金宮さん

ラブ&ポップの金宮さんのレビュー・感想・評価

ラブ&ポップ(1998年製作の映画)
3.5
村上龍さん台詞のセンスと庵野さん映像のセンスがぶつかり合ってはいるものの、タイムリミット要素を入れることでエンタメ性も確保しており観てて飽きない。

時代性の映像記録がコンセプトにあると思うので会話の自然さが求められるが、受け手側に伝わるレベルで心情表現もしなきゃならない。そのバランスはモノローグの多用で解決した。これは活字でも発揮している村上龍さん得意のテクニックなんですが、悪い意味でのポエティックという臭みを消すことに成功していますね。

モノローグを担当しているのが主演の三輪さんじゃない(まさかの河瀬直美さん)なところもあえてな気がします。映像とちょっと距離が生まれますよね。未来の裕美が振り返ってるのかな、とか勝手に想像しました。

そして際立つのが買う人たちのキモさ。作中では女子高生目線で単なる事象として過ぎ去っていくので、その背景にある社会的病理を色々と想像してしまいます。

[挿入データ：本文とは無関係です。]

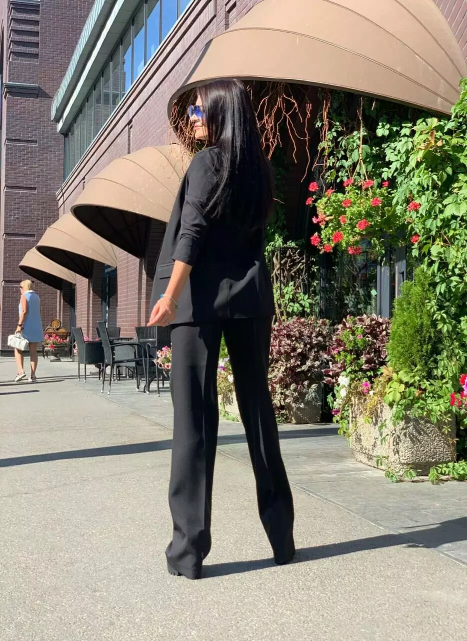 Стильний класичний костюм з тендовими штанами-трубами високої посадки та дуже ефектним піджаком з рукавами 3/4
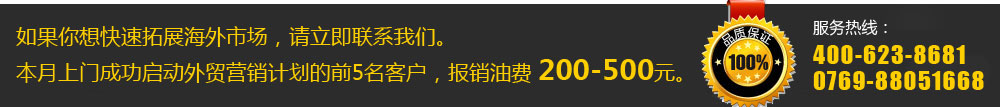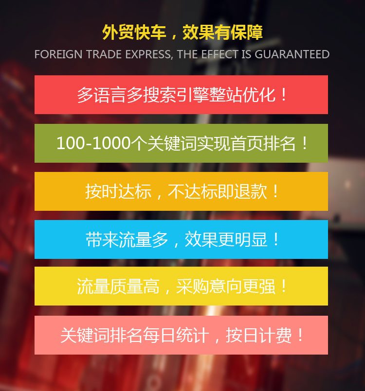 推广只是手段,并不是最终的目标,外贸推广的最终目的是为您带来高质量询盘,获得客户;与绝大多数网络推广不同,外贸快车不仅仅可以实现100-1000个关键点首页排名,带来大量精准流量,更集成了网络营销系统和智能监控系统,从而为客户带来大量的订单。
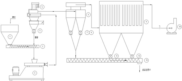 生產(chǎn)線整合了粉碎系統(tǒng)和分級系統(tǒng),使粉碎和分級串聯(lián)共用一套集料、除塵、引風系統(tǒng)。采用PLC控制,通過自動調節(jié)分級機上配套的風量調節(jié)器,調整引風機產(chǎn)生的真空度,進而調節(jié)分級機的篩分效果,實現(xiàn)一臺分級機上可達到不同的篩分效果;同時,通過優(yōu)化分級機和粉碎機的部件結構,將分級機出料口與粉碎機通過卸料閥直接連接在一起,使分級機出來的不合格物料可以直接重新回到粉碎機進行粉碎。使得生產(chǎn)線僅需配套一套粉碎+分級裝置即可完成產(chǎn)品生產(chǎn)的需要,整個過程可處于密封階段,無粉塵污染,且提高了生產(chǎn)效率,大大簡化了設備組成,降低了設備能耗,提高了設備運行的穩(wěn)定性。
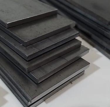 1084. This high carbon steel is a good balance between weight and durability. It will hold a sharp edge under high stress and requires less frequent sharpening. This steel welds well with nickel alloys to make gorgeous Damascus patterns.
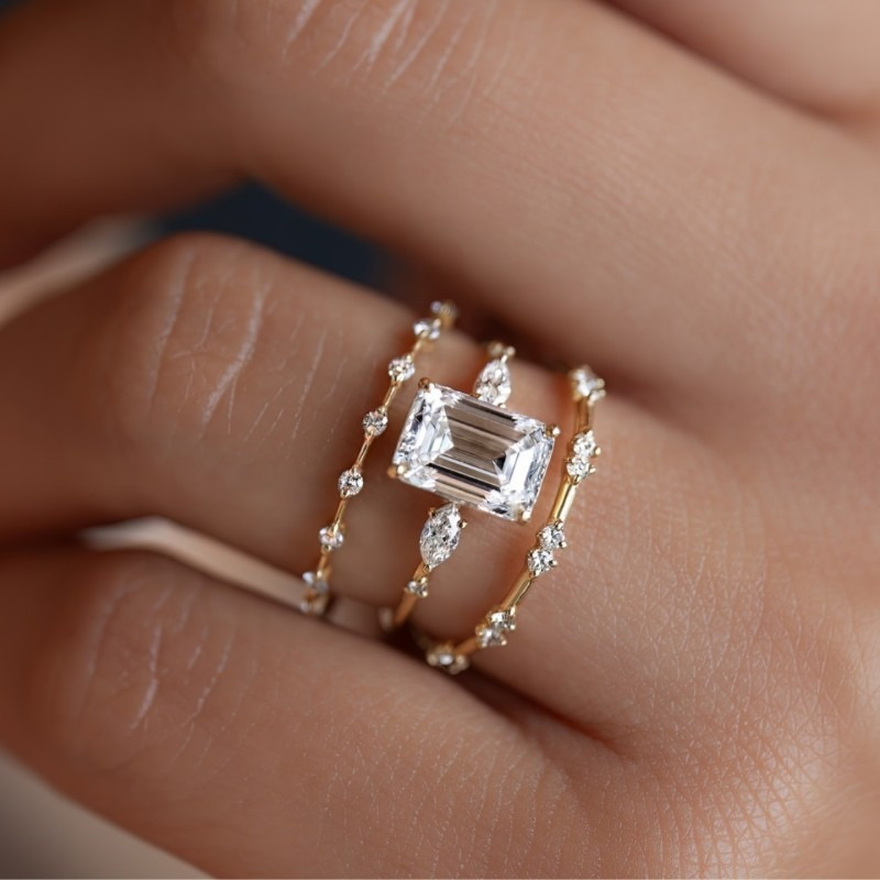 ヨーロッパとアメリカのクロスボーダー願い幾何学的なジルコンリング女性の絶妙なリング 4 点セットライト高級ハイエンドジュエリー
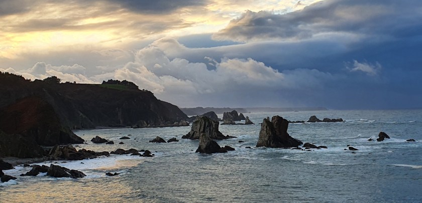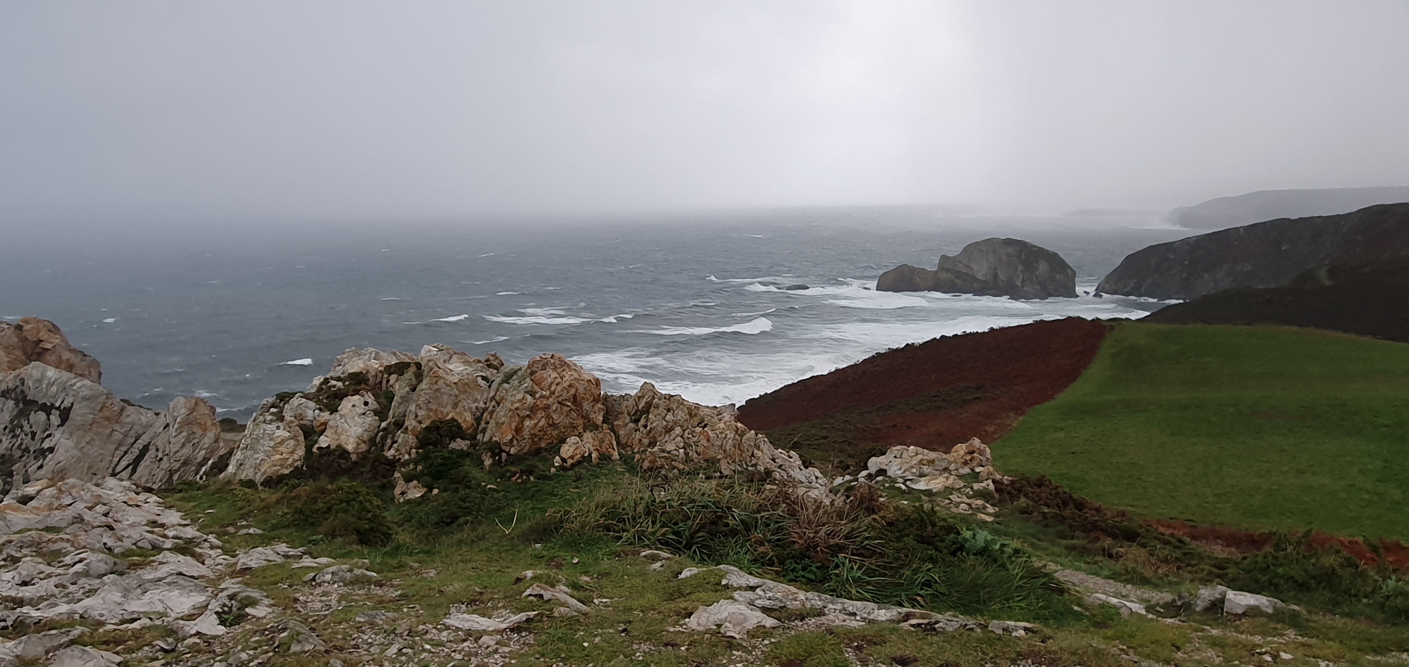 On the same rough stormy day, we drove to Cabo de Peñas, the most northerly point of Asturias. You can park near to the cape and walk along the cliff along a footpath. Even in poor conditions the views were spectacular.

今見ると、随所に庵野演出を感じるのも楽しめるポイント。アンバランス的にフォークソングを使うのは相変わらず苦手だなと思いましたが、やたら荘厳にクラシックを使うのは好みだったりします。


ーーーーーーーーー

・エンドロール。「庵野秀明(新人)」に悪いところが出てるが、まあそこも可愛げ。

・渡辺いっけいさんの電話、対面するまで小日向文世さんの声に聞こえました。

・Focusの怪演を感じさせる浅野忠信さんと平常運転の手塚とおるさん。あんなのに連続で会ったらそりゃヘトヘトになります。